If passed uniformly random 24-bit values, this code generates 8 independent, bit-packed $\mathcal B(3,0.5)$ samples. The samples are encoded in the 24 least significant bits of $d$ with each sample represented by one of the tri-bits 000, 001, 010 or 011 according to whether they are 0, 1, 2 or 3.
To see this note that 0x249249 in binary is 1001001001001001001001 and thus masks off every third bit. If the bits of t can be treated as i.i.d. Bernoulli variables with $p=1/2$ (i.e. as uniform independent bits), the sum of any three bit positions of t will give a $\mathcal B(3,0.5)$ sample. The code divides t into three bit chunks and counts the number of bits in each chunk by initialising (in a bit parallel manner) to the value of the least significant bit in each chunk; adding one (in bit-parallel) if the next least significant bit in each chunk is set and finally adding one (in bit-parallel) if the third bit in each chunk is set.

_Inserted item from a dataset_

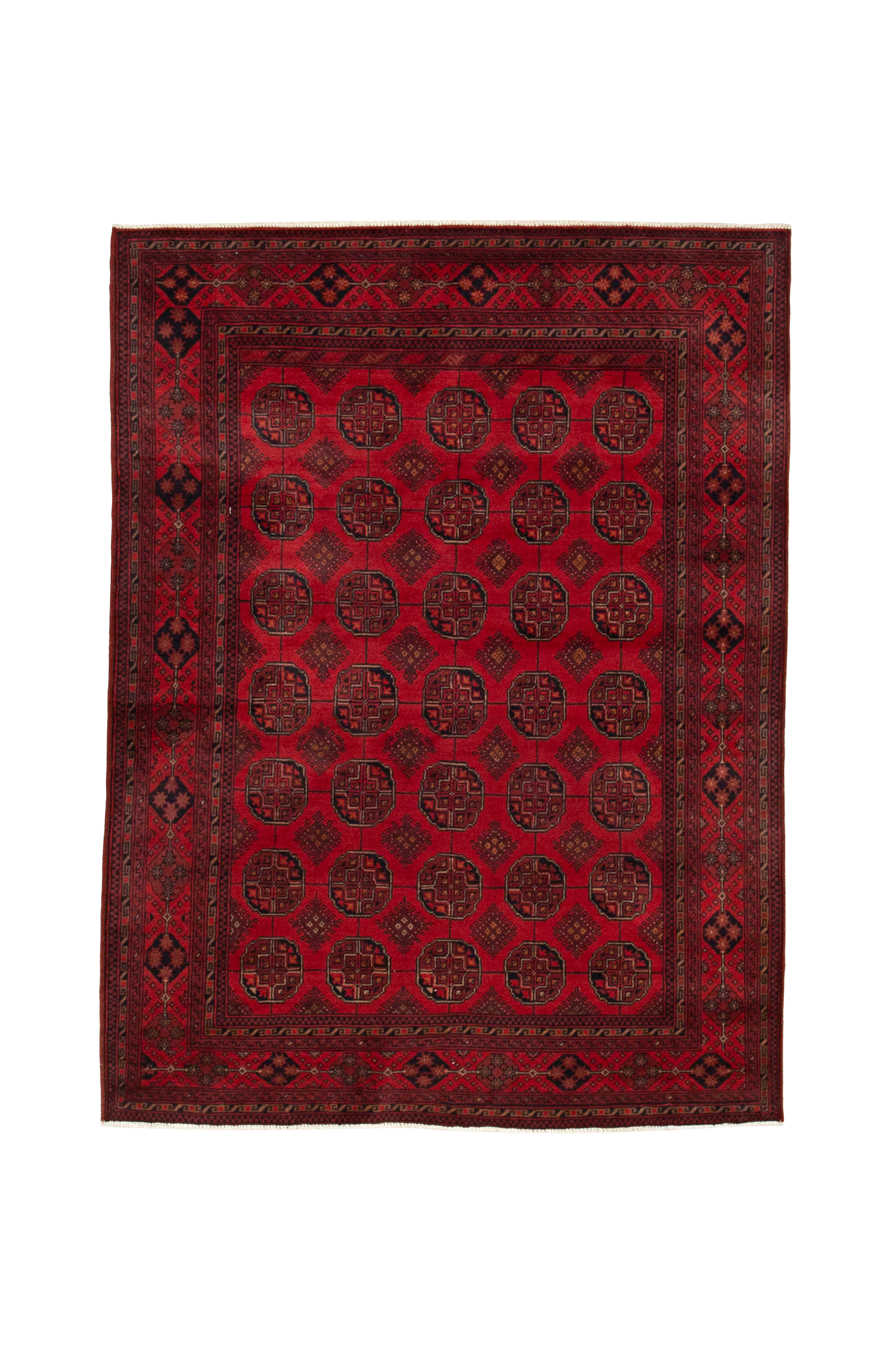Khal Mohammadi er et melert teppe i ull av høy kvalitet med et sirlig, intrikat og heldekkende geometrisk mønster i svart. En bred bord knytes sømløst sammen med midtpartiets mønstrede kvadrater. Håndknyttet.

An example might help here. Suppose we have t=011100101011000110111110 as input. To form binomial samples by hand we would divide this into chunks of three: 011 100 101 011 000 110 111 110, then count the bits in each chunk 2 1 2 2 0 2 3 2, then pack these answers as 010 001 010 010 000 010 011 010. The code achieves the same output by first masking off every third bit of t to initialise d=001000001001000000001000, it then adds on to this the value of the bits in every position that is 1 mod 3 by shifting t and masking: 01000000001000001001001 so that after adding (with carries) we have d=010000001010000001010001. Our next summand is the value of the bits in positions 2 mod 3 which we create by shifting t by 2 and masking: 0001001000000001001001 so that after adding (with carries) we have d=010001010010000010011010 as required. Note that the carries from each chunk never overflow into the next chunk up.